His on-the-ground readings are throwing up some surprising findings. Since October last year, Raymaekers has noticed a surge in the number and size of renminbi-denominated banking instructions related mostly to payments, and significant upward movement in trade finance, securities and foreign-exchange transactions.
“From October last year to June this year, we saw 33% month-on-month growth,” he told CFO Innovation. “That’s a ten-fold increase from October to June.” To be sure, the rise is from a low base, but it is enough to catapult the renminbi to 18th place in the ranking of the most used currencies in world payments. The RMB was in 35th place in October.
So far, more than 900 banks in 70 countries have started using the RMB amongst themselves, “an indication of the internationalization of China’s currency,” says Raymaekers. The renminbi is already significantly used in some countries, among them Thailand, Philippines, United Arab Emirates and Qatar. “Sixty percent to more than 90% of the value of payments [that go through the SWIFT system] in the last two countries is in renminbi,” says Raymaekers.
Corporate Challenges
The trend poses significant implications for Asia’s CFOs and treasurers. If they pay for Chinese products in renminbi and in turn accept the RMB for their own products, their company will end up with a stash of China’s currency. That’s not necessarily a bad thing if the renminbi continues to strengthen against the dollar. So far this year, it is up 3.6% against the greenback.

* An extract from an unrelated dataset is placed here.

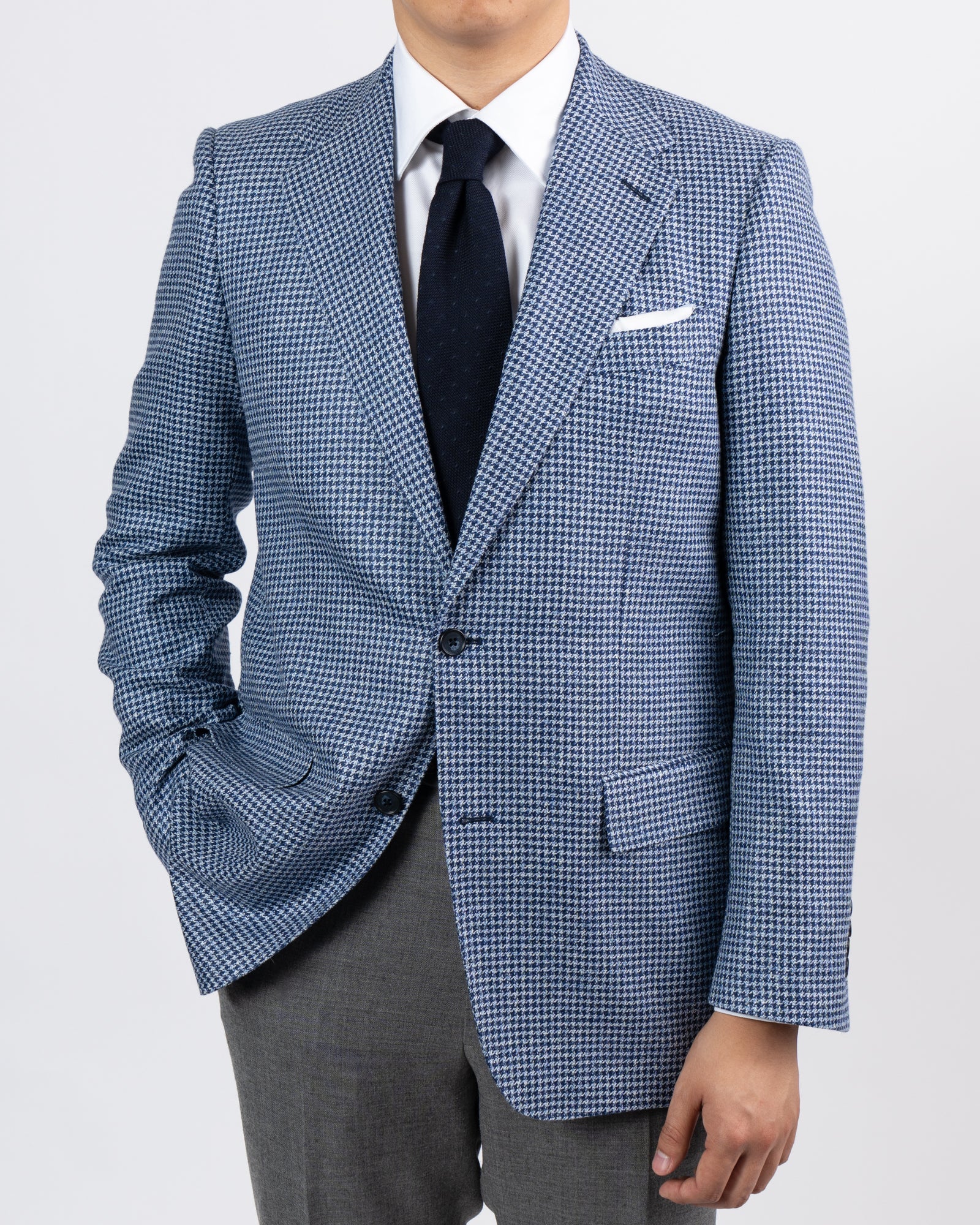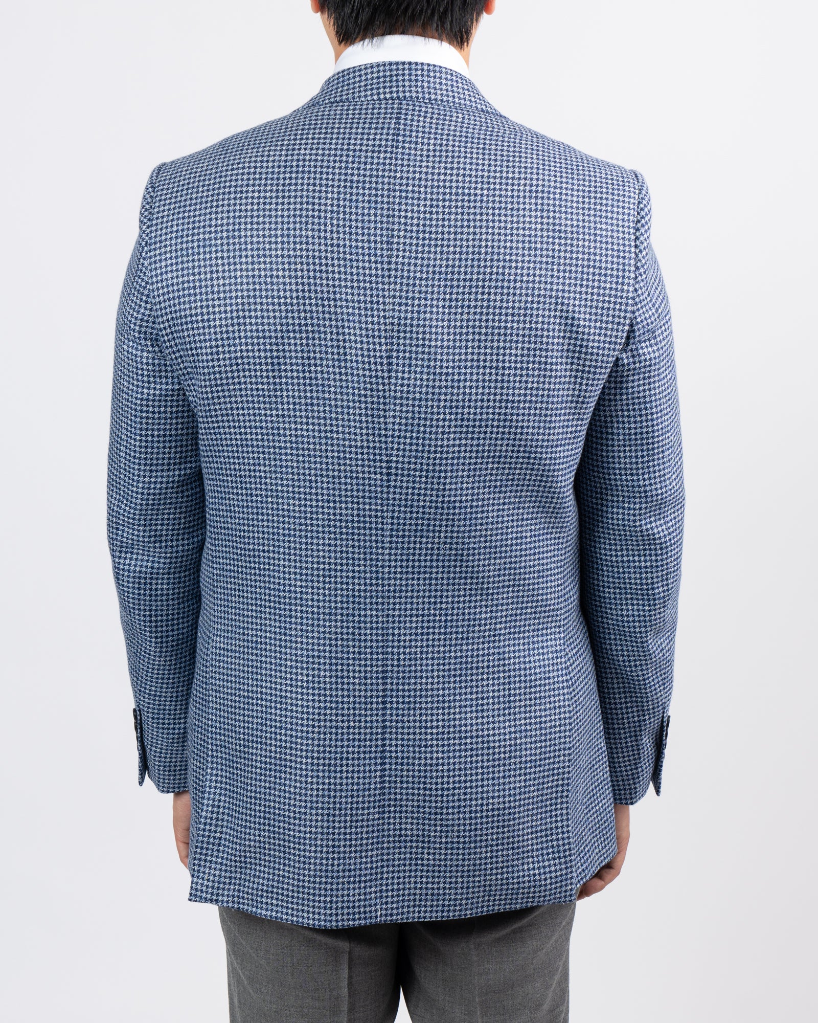 Based out of Huddersfield, Marling & Evans is one of England’s oldest mills, with an expertise in fabric weaving that dates back to 1782. This particular eye-catching jacket features a classic houndstooth pattern. Sleeves are finished with buttons sewn on to be ready to wear right out of the gate, or can be converted to surgeon’s cuffs if desired.

But they also become exposed to a currency that is convertible on the trade account (the RMB as medium of exchange) but, unlike the dollar, euro and yen, not convertible on the capital account (the RMB as a store of wealth). This means that corporate treasuries need to go through complicated contortions to change excess renminbi into another currency and park it in short-term Treasury bills, for example, or to fund an M&A transaction.
Without difficult-to-get permission, companies cannot even bring back to China the renminbi they raised offshore – the proceeds of trade with Chinese counterparties, perhaps, or money from issuing so-called RMB-denominated dim-sum bonds in Hong Kong. “You can do it, but you are limited in terms of the sectors you can do and the amount you can do it in,” says Raymaekers.
But a quicker way may be emerging to optimize the value of excess RMB holdings in the form of foreign exchange trades not involving China (or Hong Kong, whose efforts to become an offshore RMB centre are backed by the Chinese). Raymaekers reports that 43% of all RMB foreign exchange trades today do not touch China or Hong Kong at all.
“That’s truly offshore FX,” says Raymaekers. The UK accounts for the largest portion of those FX trades, with the US a smaller player. If these volumes continue to grow, companies may be able to freely convert their excess renminbi into other currencies, up to a point, even though China moves at a glacial pace in liberalizing RMB convertibility on the capital account.
Buying and Selling
On trade, at least, companies should be encountering fewer problems. On a visit to Hong Kong last month, Vice Premier Li Keqiang, who is widely seen as China’s next premier, announced that companies across all of China can now settle trades in renminbi, not just in 20 provinces as previously.